While GMA presented a "compelling argument", ​in the end, the FDA made the "right move" ​to call for a ban on PHOs at all levels, Wallace continued.

"Even lower levels of trans fat seem to pose a public health concern, and in my mind should be completely removed from the food supply," ​he said.

"There are other ways to keep a baked good from sticking to the pan."

More time to comply 

The FDA extended the deadline for some food manufacturers to remove PHOs to Jan. 1, 2020 (originally June 18, 2018) to “allow for an orderly transition in the marketplace”, ​the FDA said.

The extended deadline applies to limited and specific used of PHOs in food products, according to the FDA.

The agency has also given companies until Jan. 1, 2021, to exhaust their current product inventories containing PHOs.

“Most PHOs have already been removed from food, and for the most part, manufacturers may not add any PHOs to foods after June 18, 2018,”​ Dr Gottlieb continued.

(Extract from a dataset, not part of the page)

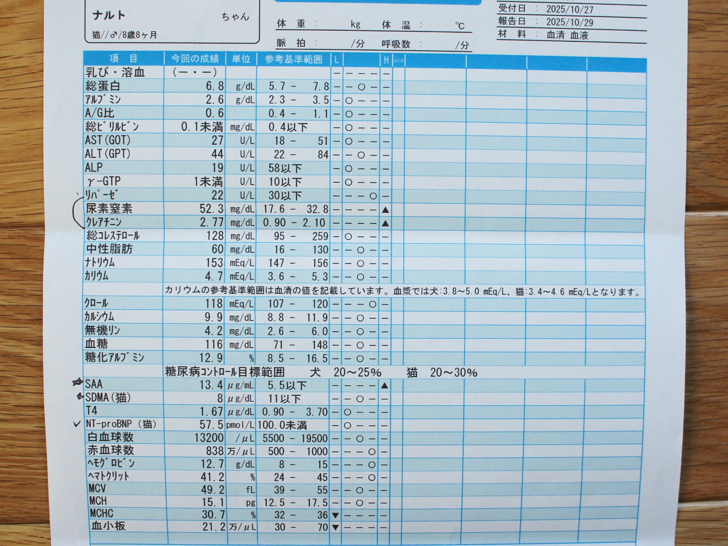 というのも、慢性腎臓病の異常が尿素窒素やクレアチニンより早期にわかる『SDMA』という数値が正常だったからなんですよね。
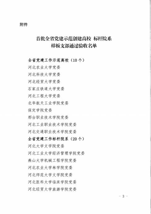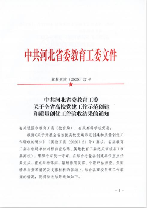 物理科学与技术学院党总支2018年入选河北省首批党建工作“标杆院系”培育创建单位,在两年建设期内,在学校党委的坚强领导下,学院党总支认真按照创建工作要求,坚持统筹规划和分步实施相结合、整体提升和品牌塑造相结合、软件建设和硬件建设相结合,扎实开展培育创建工作,充分发挥示范引领作用,圆满完成各项建设任务。2020年12月23日,顺利通过培育创建验收(冀教党建〔2020〕27号))。

“However, there are a handful of PHO applications that continue to be used at very small levels - typically for certain processing aids or as small components of some flavor and color ingredients.”

The FDA set a compliance deadline of June 1, 2020 for all food manufacturers to use up all their inventory of food products containing PHOs.

Where do PHOs come from and how are they used?

Partially hydrogenated oils are a form of trans-fats that are heated in the presence of hydrogen and a catalyst to form solid fats. The hydrogenation process converts some polyunsaturated fatty acids to monounsaturated and saturated fatty acids.

According to CSPI, the problem arises when some of the fatty acids are artificially converted to the “trans”​ form, meaning that two parts of fatty acid molecules are on opposite sides of double bonds. 

Oils are partially hydrogenated to increase shelf life and obtain the cooking properties of solid shortenings. PHOs have been used to replace butter, lard, palm oil, coconut oil, and other “hard”​ fats in many processed foods, CSPI added.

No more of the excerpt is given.